Yeji saved the number. Didn't call. Stared at it for three minutes, composing and discarding opening lines in her head. *Hi, you don't know me, but your dead husband asked me to tell you about the samgyetang.* No. *I was with your husband when he passed.* Technically true. Grotesquely insufficient. *Your husband's last words were about dinner.* Accurate. Devastating.

She'd call. When she had the right words. When the message wouldn't sound like a stranger's cruelty dressed up as comfort.

The phone went dark. She set it on the nightstand next to the mana supplements and the overdue library book and the sticky note that said *Practicum report due Friday* and lay on her futon and stared at the ceiling.

The apartment was quiet. Minwoo was in the corner, sitting on the floor because the only chair was at the desk and he couldn't actually sit in it without sinking through. Nari was in storage. The city hummed outside β€” traffic, voices, the distant bass of a bar that catered to university students who didn't have midterms to study for.

Normal sounds. The sounds of the life she'd been living two weeks ago. The life that was still here, technically β€” the apartment, the textbooks, the university enrollment that hadn't been cancelled, the midterm in two days that she was going to fail because she hadn't opened a book since before the dungeon.

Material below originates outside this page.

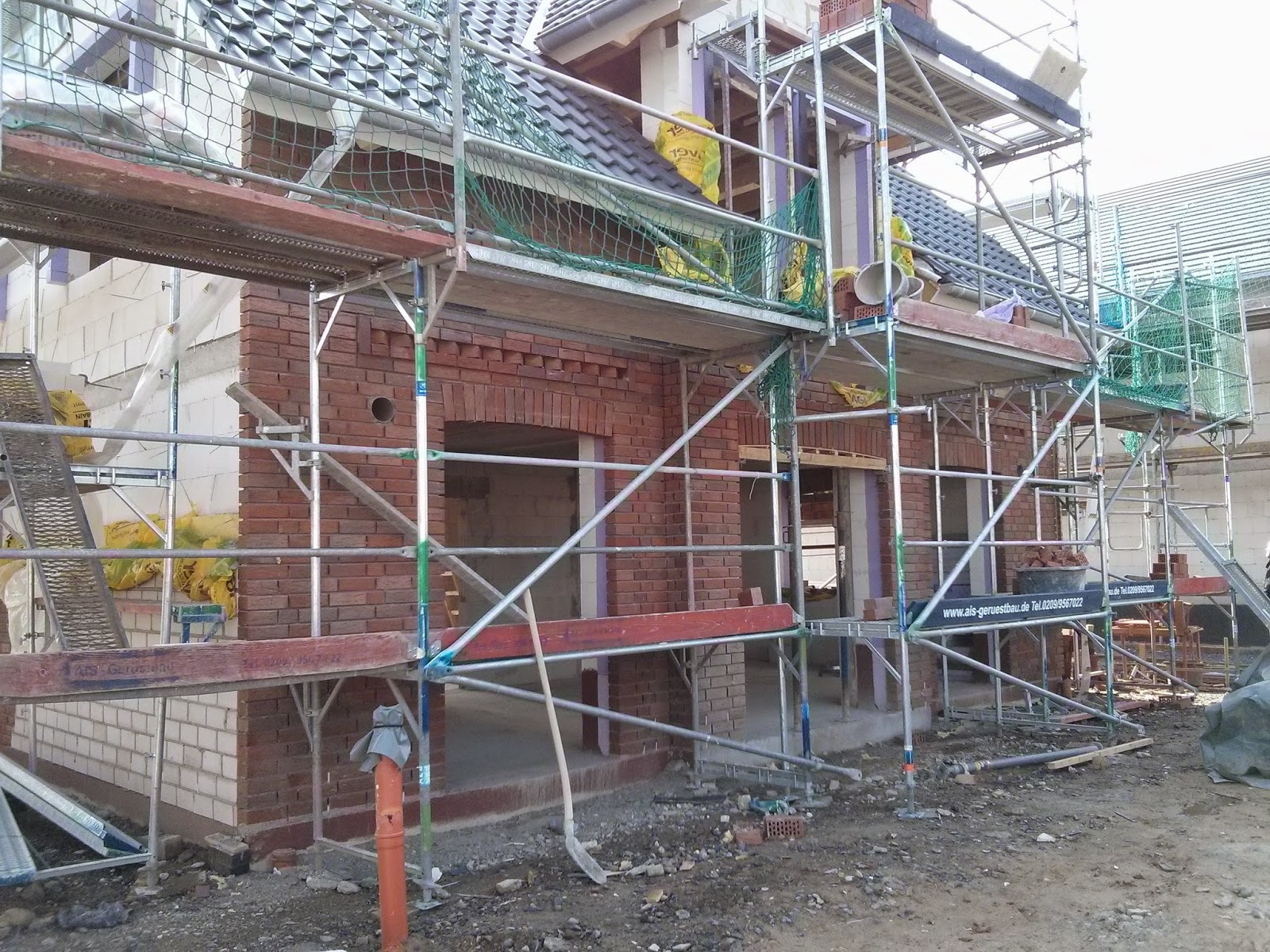 Die Dacheindeckung ist bis auf wenige seitliche Dachpfannen abgeschlossen. Die restlichen Dachpfannen können noch nicht gelegt werden, weil das Gerüst zu nah am Haus steht. Die folgenden Bilder zeigen die Ansicht aus dem Garten auf das Haus. Der obere Teil des Nebengiebels wurde nun auch zu Ende gemauert (ein Stein war kaputt und wurde dann mit Beton gefüllt, siehe zweites Foto).

She should study. She should call her mother. She should do the dishes and buy rice and write the practicum report and pretend that the previous week hadn't happened β€” that she hadn't pulled dead men from walls and talked to corpses in morgues and heard an ancient voice say her name through six inches of stone that predated human civilization.

She closed her eyes.

And the voice found her.

Not from below. Not from a dungeon or a morgue or a sealed door forty kilometers east of her apartment. From the air. From the frequency that [Requiem] tuned to β€” the signal beneath all signals, the channel of the dead that she'd opened during awakening and couldn't close.

*You went to the dead outside the deep places.*

Faint. A whisper across a city. The voice of the entity, traveling forty kilometers through air and concrete and steel and the electromagnetic noise of twelve million people, finding her in a studio apartment in Sinchon like a radio wave finding its antenna.

*Good. You are learning.*

Then nothing. The frequency went silent. The city hummed on.

Yeji opened her eyes. The ceiling was the same ceiling. The apartment was the same apartment. Minwoo was looking at her from the corner, his spectral form tense, his hand on a sword hilt that was barely visible.

"You heard it too," she said.

"I heard something. What did it say?"

"It said I'm learning." She stared at the ceiling. Forty kilometers. Whatever was behind that sealed door had just reached across an entire metropolitan area to speak to her. Its range was growing. Or, as the voice had implied, she was getting better at hearing it. Neither option was comforting. "It's watching me, Minwoo. It's been watching since the dungeon."

"Can you block it?"

She reached for [Requiem]. The ability was there, resting, its channels bruised but functional. She could feel the frequency β€” the dead channel, the signal she tuned to β€” open and receptive, a radio that couldn't be turned off, only tuned.

"I don't think so," she said. "I think hearing the dead is what I am now. I can't unhear them."

Minwoo was quiet. Then: "Is it dangerous? The voice?"

The honest answer was she didn't know. The entity had been warm. Kind. Fond, even β€” the way it had said her name, the way it had spoken about waiting, about being glad she came. Nothing about it had been threatening.

Which was, in every therapeutic framework she'd ever studied, exactly how the most dangerous things presented themselves. Not with hostility. With intimacy.

"Ask me tomorrow," she said. "After the meeting."

She turned on her side, pulled the blanket to her chin, and lay in the dark listening to the city and the dead and the quiet breathing of a ghost who'd learned that the sky was still blue and his daughter lived in Incheon.

The midterm was in two days. She was not going to study for it.

Some lives, once cracked, didn't go back together the same way.